Oui mais voilà. Impossible depuis des années de retrouver la tombe du grand-père enterré dans la province. Binh court à la chambre et en revient avec un objet dans les mains, il le pose sur la table aux yeux de tous. “Tout ce qu’il nous reste, c’est la plaque funéraire en pierre avec le nom de mon père !” Et retrouver la famille du soldat au Maroc s’avère très compliqué, car de nombreux documents ont été détruits après sa mort. “Nous savons juste qu’il avait deux sœurs et qu’il venait de la ‘ville jaune’, ce qui ne nous avance pas vraiment”, se désespère Binh.


A 58 ans, l’exil ne lui fait pas peur : “Nous voulons nous installer là-bas, même s’il faut tout recommencer à zéro.” Pas de terres, pas d’argent, barrière de la langue… Binh, ou plutôt Ali, veut le faire pour ses enfants. Il s’y voit déjà exercer son métier d’agriculteur. Sa fille est partie, il y a déjà quatre mois, et vit à Casablanca. Acceptée par les locaux, la jeune femme vient d’envoyer un courrier au roi Mohammed VI et à l’Office national des anciens combattants et victimes de guerre (Onac), en France, pour tenter d’obtenir des informations sur ses aïeux. “Qu’en est-il de la responsabilité de la France dans tout ça ?, demande Binh. Il reste des tombes de soldats maghrébins ici et à Ba Vì. Les corps n’ont jamais été rapatriés” (2).


Bientôt, Binh s’envolera pour la première fois pour le Maroc. Il y rejoindra sa fille pour l’aider dans ses investigations. “Je suis heureuse qu’ils aient entrepris ces recherches. C’est naturel, ce serait arrivé tôt ou tard”, souffle avec sagesse LêThiMui. Avant de mourir, la grand-mère ne rêve que d’une chose : retrouver la famille de son défunt mari au Maroc. 

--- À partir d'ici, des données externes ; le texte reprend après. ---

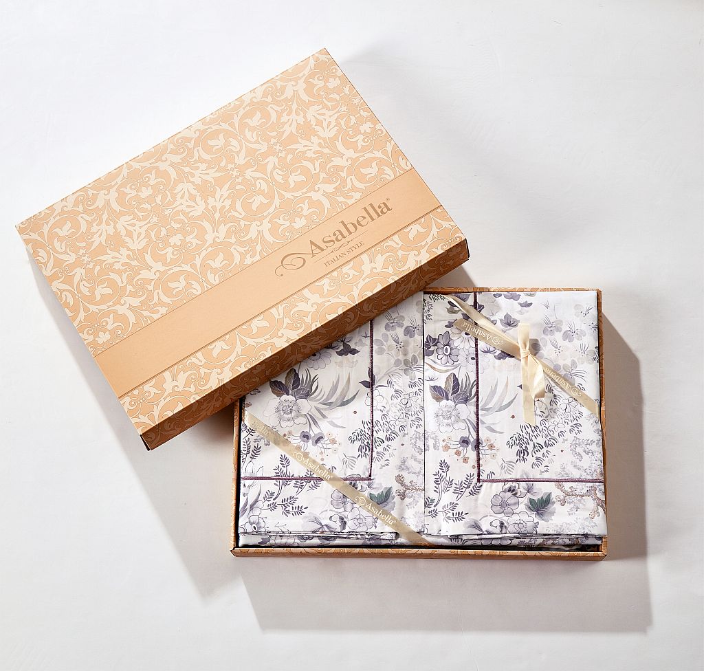 Для производства постельного белья из мако-сатина торговой марки «Asabella» с пододеяльником на молнии и наволочками с клапаном используется длинноволокнистый египетский хлопок. Гладкий, мягкий и нежный, по тактильным ощущениям мако-сатин напоминает шёлк. Структура волокон египетского хлопка определяет не только присущую постельному белью из мако-сатина внешнюю привлекательность, но и лежит в основе его высокой прочности и износостойкости.

(1) Organisation politique et paramilitaire créée en 1941 par le Parti communiste vietnamien et visant à lutter pour l’indépendance du pays, alors sous contrôle français.


(2) Un grand nombre de familles métissées se sont établies après la guerre à Ba Vì, dans la province de YênBài. Un Morocco Gate, symbole de la culture, de l’architecture et de la religion du Maroc, a d’ailleurs été construit là-bas.